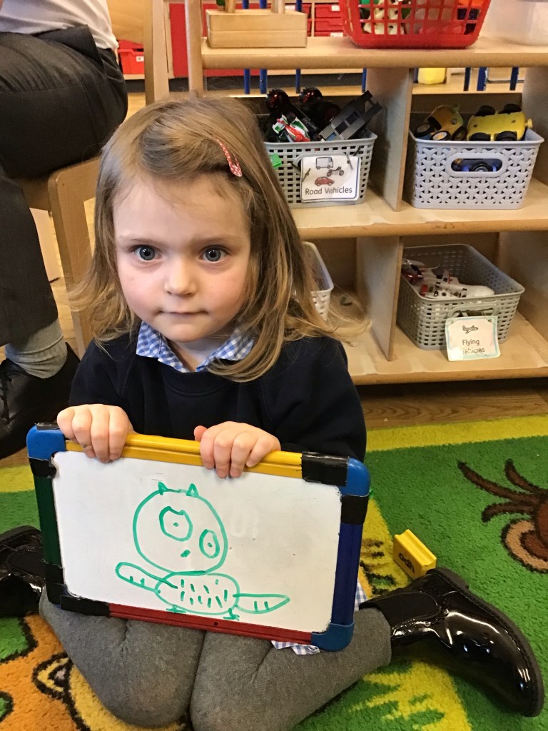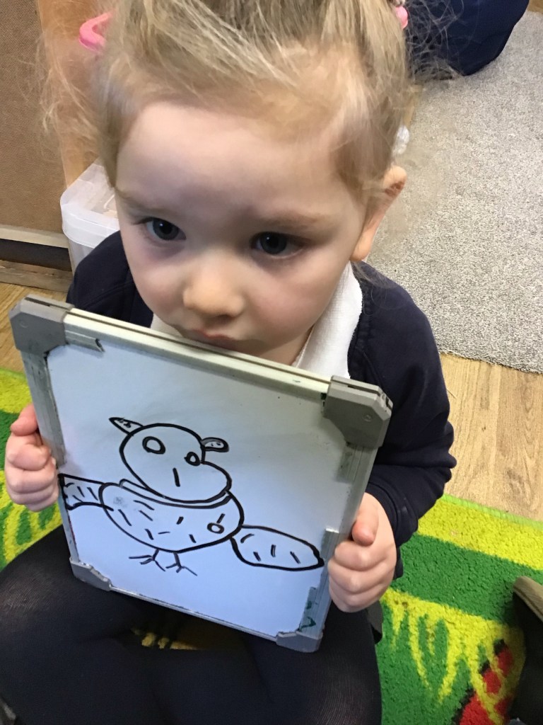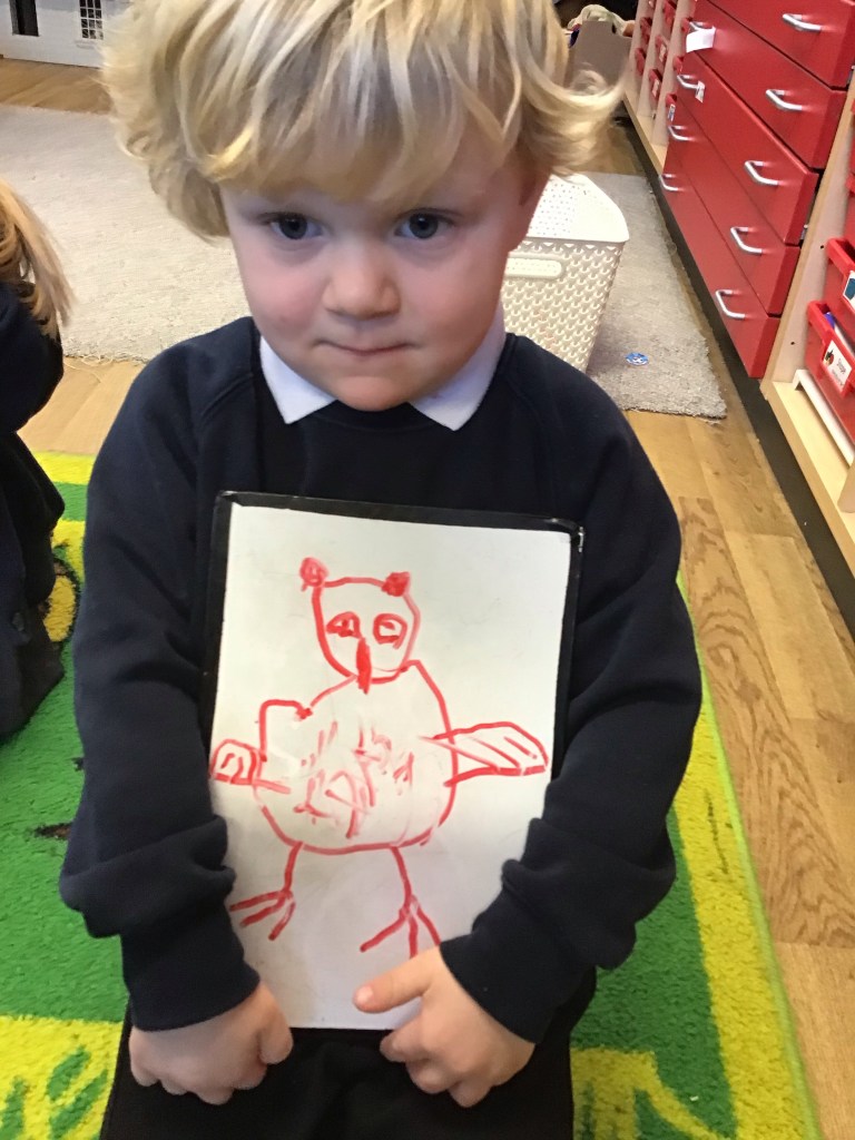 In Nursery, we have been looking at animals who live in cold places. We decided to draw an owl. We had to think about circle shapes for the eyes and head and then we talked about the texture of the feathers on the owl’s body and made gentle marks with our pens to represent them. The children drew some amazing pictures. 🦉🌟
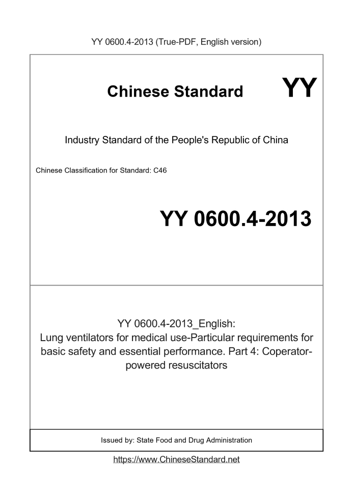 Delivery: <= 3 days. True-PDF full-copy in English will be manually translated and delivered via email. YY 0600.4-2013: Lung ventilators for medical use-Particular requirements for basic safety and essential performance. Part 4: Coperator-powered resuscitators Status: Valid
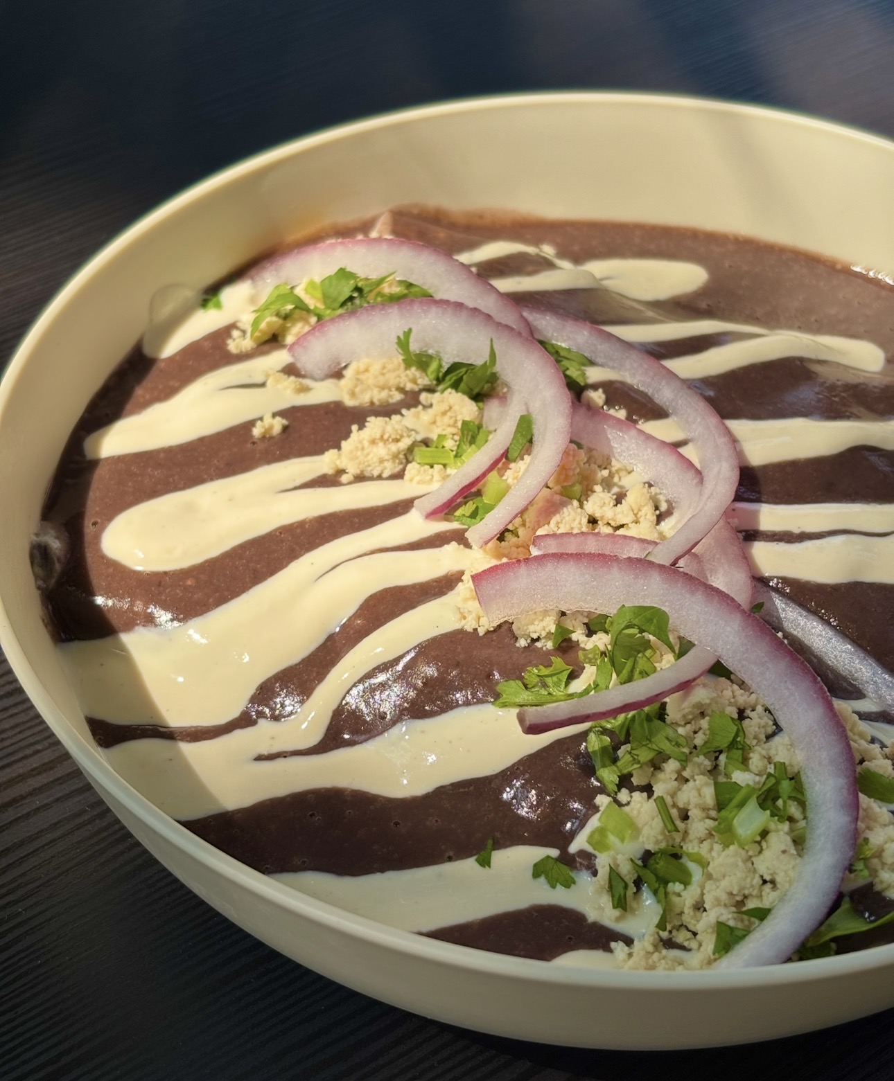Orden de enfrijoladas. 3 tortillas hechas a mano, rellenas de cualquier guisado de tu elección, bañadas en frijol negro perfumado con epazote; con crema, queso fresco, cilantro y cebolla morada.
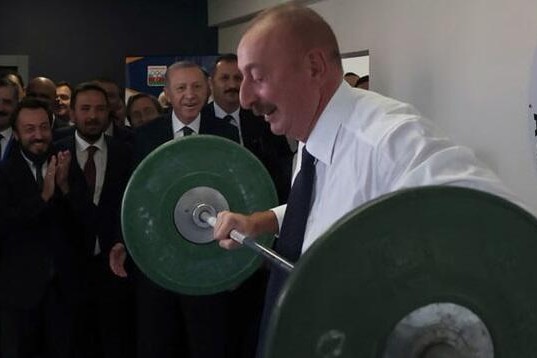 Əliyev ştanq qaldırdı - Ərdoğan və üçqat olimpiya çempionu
○ ○ ○ ○ ○ ○ ○
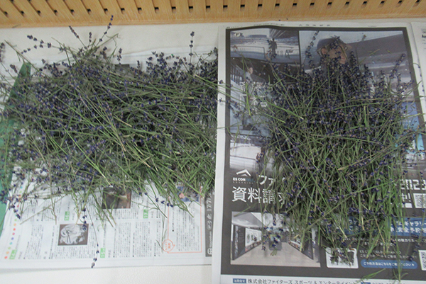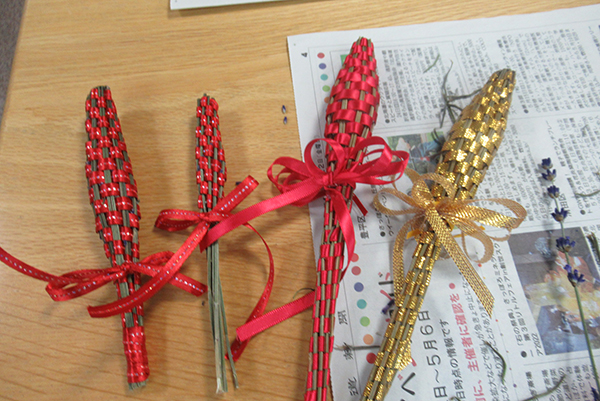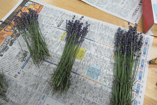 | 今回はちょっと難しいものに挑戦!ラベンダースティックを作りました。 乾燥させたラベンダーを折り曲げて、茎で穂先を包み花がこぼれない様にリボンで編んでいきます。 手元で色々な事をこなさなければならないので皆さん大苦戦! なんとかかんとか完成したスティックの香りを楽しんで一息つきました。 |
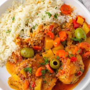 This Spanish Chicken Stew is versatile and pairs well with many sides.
○ ○ ○ ○ ○ ○ ○
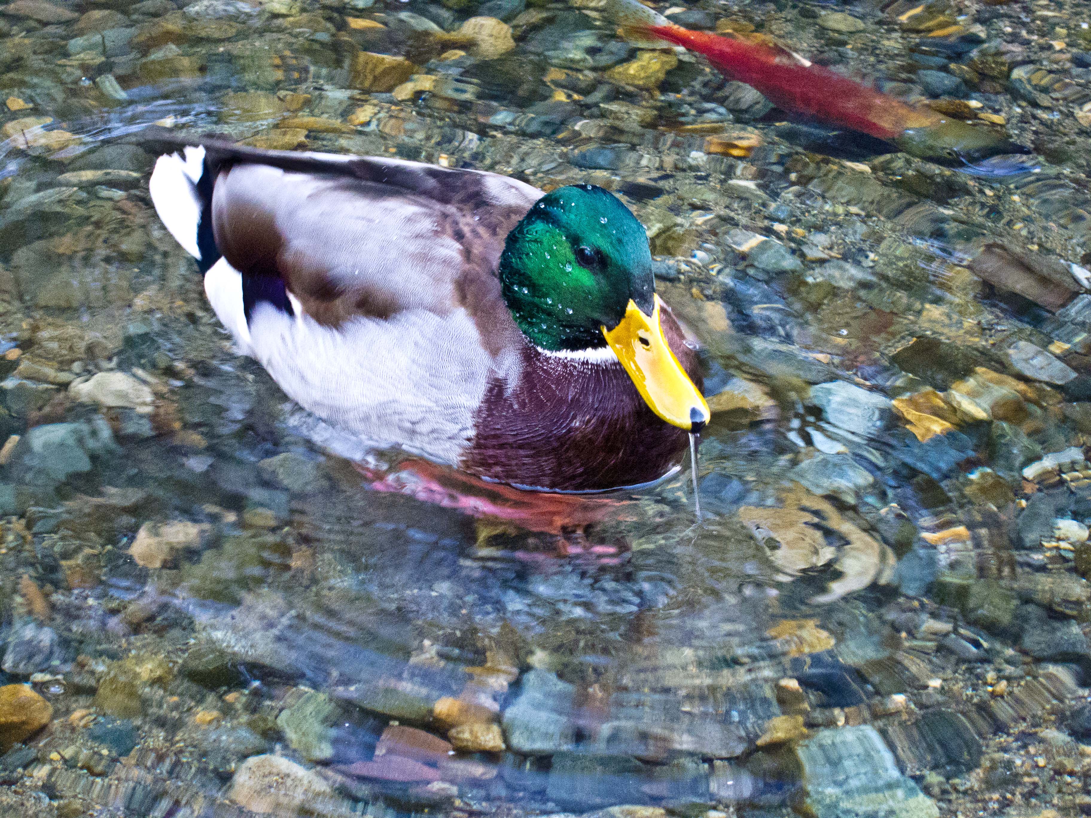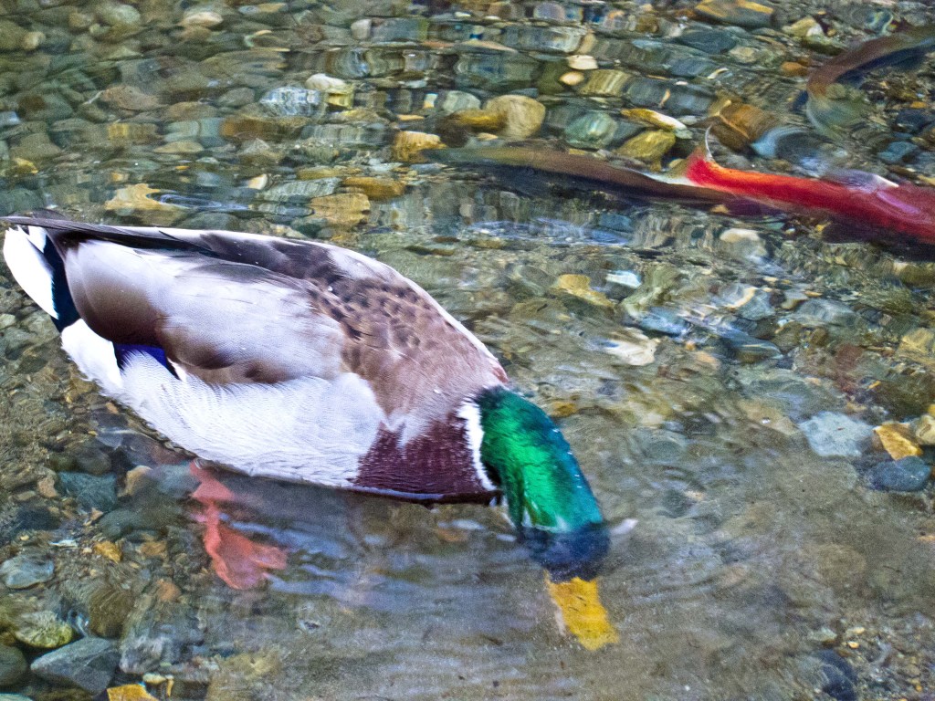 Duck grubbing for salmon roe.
○ ○ ○ ○ ○ ○ ○
PROBLEM ▸ Set the pictures aside and retype exactly the lines above from the line with "Delivery: <= 3" to the line with "Əliyev ştanq qaldırdı", both included, adding no others.

RESULT ▸
 Delivery: <= 3 days. True-PDF full-copy in English will be manually translated and delivered via email. YY 0600.4-2013: Lung ventilators for medical use-Particular requirements for basic safety and essential performance. Part 4: Coperator-powered resuscitators Status: Valid
Orden de enfrijoladas. 3 tortillas hechas a mano, rellenas de cualquier guisado de tu elección, bañadas en frijol negro perfumado con epazote; con crema, queso fresco, cilantro y cebolla morada.
 Əliyev ştanq qaldırdı - Ərdoğan və üçqat olimpiya çempionu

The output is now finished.